## Wednesday, February 29, 2012

### Feedback 29-02-2012

Work

• I have implemented a visualization tool in Matlab which plots several statistics for the Six Hump Camel Back
• (x, y) coordinates of (non-greedy) samples m to n
• error against sample number
• best reward against samples number
• reward against samples number
• Below are some results

• Kurt/Michael told me the F-test using 1 to n degrees of freedom is correct
• See Regression problems section of the F-test wikipedia page for reference
• In my case, two regression models are being compared representing before and after split. The first has one parameter (average before split) and the other two parameters (average of left child after split and the average of the right child after splitting).
• p2 - p1 is therefore 2 - 1 = 1 and n - p2 is n - 2
• The residual sum of squares (of sum of squared errors) is calculated as follows
• RSS = ∑ (y - f(x))² where y is the return of one sample and f(x) is the mean of the data
• In my case the input consists of 6 values; countLeft, countRight, ySumLeft, ySumRight, ySumSquaredLeft, ySumSquaredRight
• The totalCount, yTotalSum and yTotalSquaredSum values of the parent node can be calculated by summing the left child's value and the right child's value
• The mean of the three data sets are of course the sum divided by the count
• Given these values the RSS can also be calculated by
• RSS = ySumSquared - (2 * yMean * ySum) + (count * yMean²)
• With this formula to calculate the RSS, the wikipedia's formula can be solved
• RSS1 = yTotalSumSquared - (2 * yTotalMean * yTotalSum) + (totalCount * yTotalMean²)
• RSS21 = yLeftSumSquared - (2 * yLeftMean * yLeftSum) + (leftCount * yLeftMean²)
• RSS22 = yRightSumSquared - (2 * yRightMean * yRightSum) + (rightCount * yRightMean²)
• Finally, a split should be introducted when the statistics before and after the split are shown to be significantly different which is the case if (Fcalc >= Fcrit), where Fcrit is the critical value from the F distribution table for degrees of freedom 1 and (totalCount - 2)
•  It turned out that my F-test implementation based on variances (from Scala code) returned the same Fcalc values as the method with RSS explained above

Planning
• Think about the names of all 4 combinations of algorithms
• Implement TLS taking the regression tree component in a multi-step environment. Think about the representation of the sequence of the actions fed to the TLS component (and later to the HOLOP component)

## Friday, February 24, 2012

### Meeting 24-02-2012

Action Points
• I explained that I just fixed a bug regarding the adaptive UCT constant.

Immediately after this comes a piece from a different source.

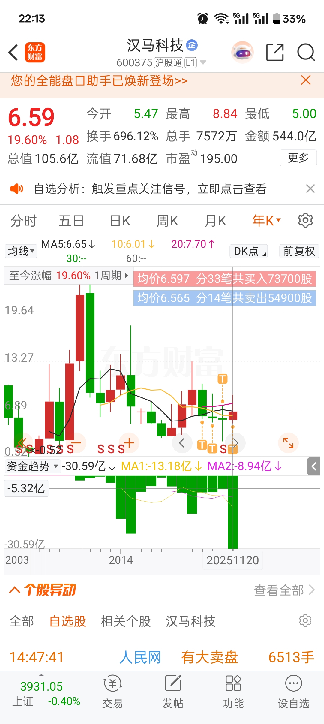 $汉马科技(SH600375)$ 再跌10个点割肉

During selection each child should take the same UCT constant (dependant on the range of the parent node), whereas at first I used the ranges of the children themselves meaning the children would use different UCT constants. In some cases a "bad" child would be preferred over a "good" child (with high average / low number of trails) when this bad child has a low minimum (and so a large range size).
• I showed the behaviour and results in RL Glue and .cvs data; this looked good
• Two problems are still open and are to be investigated (Kurt; thanks in advance)
• From the Scala code it can be concluded that a T-test is used for the Six Hump Camel Back experiment, while the paper itself states an F-test is used?
• The F-values used in the Scala code are of the entries 1 and n degrees of freedom of the F-Distribution table, while I though it would be more logical to use the entry n and n (because the degrees of freedom is equal for both sides)?
• HOLOP and TLS and the combinations have been explained to me. On the one hand you have a "tree of trees" taking either a regression tree (as in TLS) or HOO and on the other hand you have a "tree of sequences" which can also either be in the form of a regression tree or HOO (as in HOLOP). A sequence can in this case be seen as the cartesian product / concatenation of the actions taken during an episode.
• Besides these four algorithms, Michael proposed UCT with pre-discretization. I said that I already implemented a simple agent that pre-discretizes the action space (in a specified number of "parts") and uses a basic UCT algorithm to learn. I did this to test the MCTS / UCT methods / components which are also used in the regression trees.
• I announced that I have a job and will be working two days a week from now on. This means my productivity will slightly decrease.
Planning
• Implement (in Matlab) reading and visualizing the output from experiments
• Think about the names of all 4 combinations of algorithms
• Implement TLS taking the regression tree component in a multi-step environment. Think about the representation of the sequence of the actions fed to the TLS component (and later to the HOLOP component)
Next meeting
• Wednesday, March 7, 2012, 11:00
• Andreas and Lukas are also invited to this meeting

## Wednesday, February 15, 2012

### Feedback 15-02-2012

Work

• Both the environment and  agent visualization of RL Glue indicate the best sample and best regression tree leaf (indicated as a 1D or 2D area by their ranges) by the color green
• All leafs in the regression tree remember the best sample seen which is picked in case the best greedy action is chosen
• Implemented memorization of the samples adjustable by three parameters
• Maximum number of samples to store at any time in a leaf
• Maximum number of samples to pass to best child in case of a split
• Maximum number of samples to pass to worst child in case of a split
• I have looked into the Scala code and the algorithm is now able to converge to the global optimum within approximately 200 samples (as seen in the visualization);
• A problem I noticed is that for the Six Hump Camel Back a lot of times a split was introduced at the very edge of the state space, leaving a group of only one sample. A minimum amount of samples a child should at least have in case of a split is introduced.
• I don't know which significance test was used for the experiments in the paper, but in the Scala code the F-test is commented out and a T-test is used. I therefore also implemented a T-test so I could compare between both
• Furthermore I noticed that the F-distribution table they were using showed incorrect values. I have no clue how they got to those values. I experimented with and have the option to use both value sets; their (0.1 and 0.001) tables and Apache's F-test method (generating the "correct" values according to the literature; for any significance level).
• The most important change was the adaptive UCT constant. This makes a huge difference.
Planning
• Holiday!
• Implement the possibility to specify and read a certain properties file (instead of only a default file in the root folder, as of now)
• Implement (in Matlab) reading and visualizing the output from experiments (i.e. the generated .csv files; see scala code received from Kurt for reference)
• Run an experiment to compare with the results from the paper.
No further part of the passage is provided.